What you are asked to do:
Return only that part of the material below which starts with the line containing "OTRAS EMPRESAS QUE" and goes on through the line containing "Bir ziyaretçi /", restated exactly.

Provided entries:
::::

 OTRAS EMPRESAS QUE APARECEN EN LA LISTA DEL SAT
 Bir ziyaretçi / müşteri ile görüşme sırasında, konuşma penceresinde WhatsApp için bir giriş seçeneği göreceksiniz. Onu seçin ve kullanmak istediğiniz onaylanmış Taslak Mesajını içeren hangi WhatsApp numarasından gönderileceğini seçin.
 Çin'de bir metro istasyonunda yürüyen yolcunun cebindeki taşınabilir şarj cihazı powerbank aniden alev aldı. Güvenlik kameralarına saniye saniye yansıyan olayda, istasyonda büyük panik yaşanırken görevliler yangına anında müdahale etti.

::::

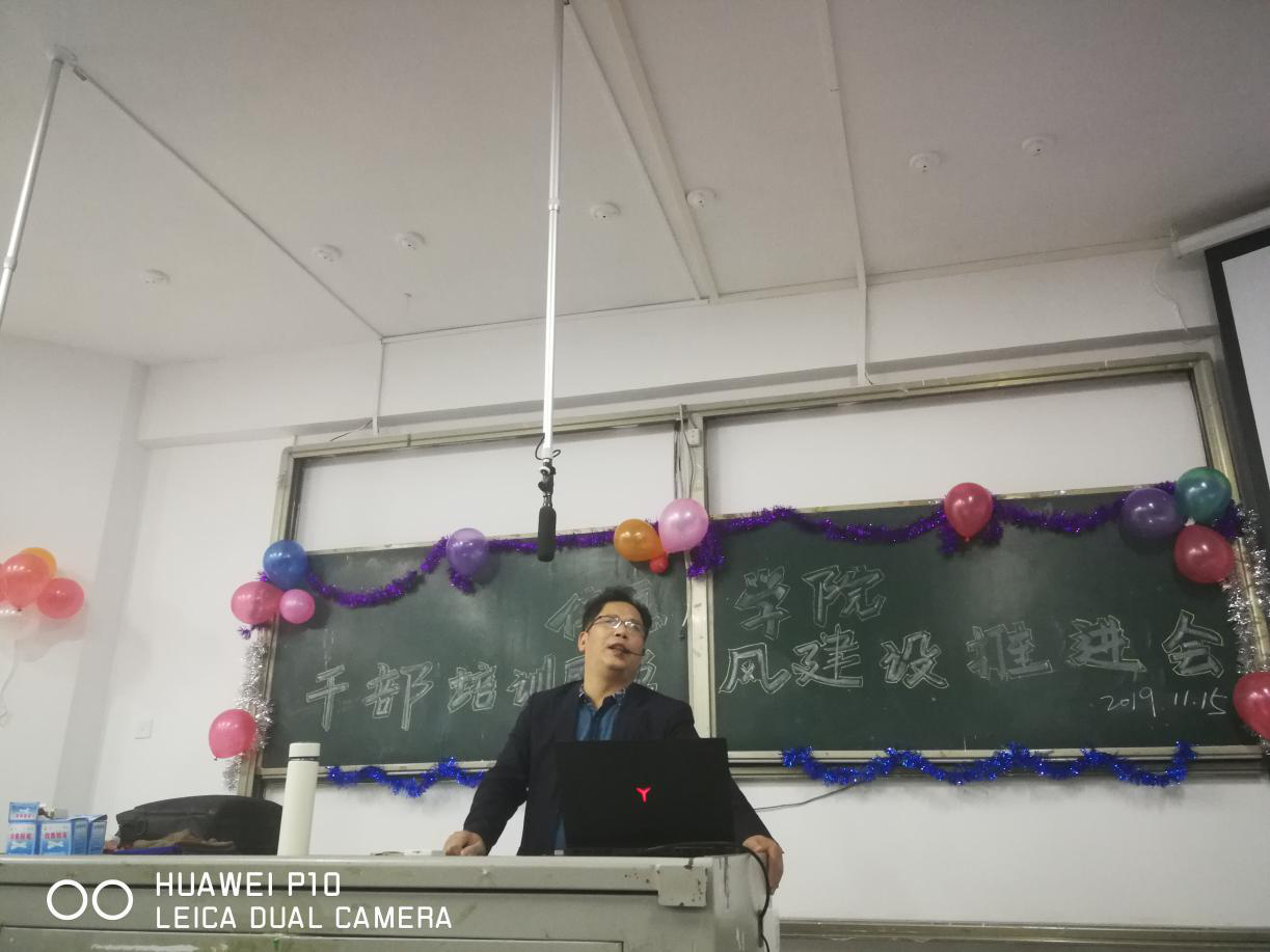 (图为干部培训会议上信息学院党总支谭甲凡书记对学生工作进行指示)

::::

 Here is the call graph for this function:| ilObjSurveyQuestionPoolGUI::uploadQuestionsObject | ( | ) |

::::

Answer space:
 OTRAS EMPRESAS QUE APARECEN EN LA LISTA DEL SAT
 Bir ziyaretçi / müşteri ile görüşme sırasında, konuşma penceresinde WhatsApp için bir giriş seçeneği göreceksiniz. Onu seçin ve kullanmak istediğiniz onaylanmış Taslak Mesajını içeren hangi WhatsApp numarasından gönderileceğini seçin.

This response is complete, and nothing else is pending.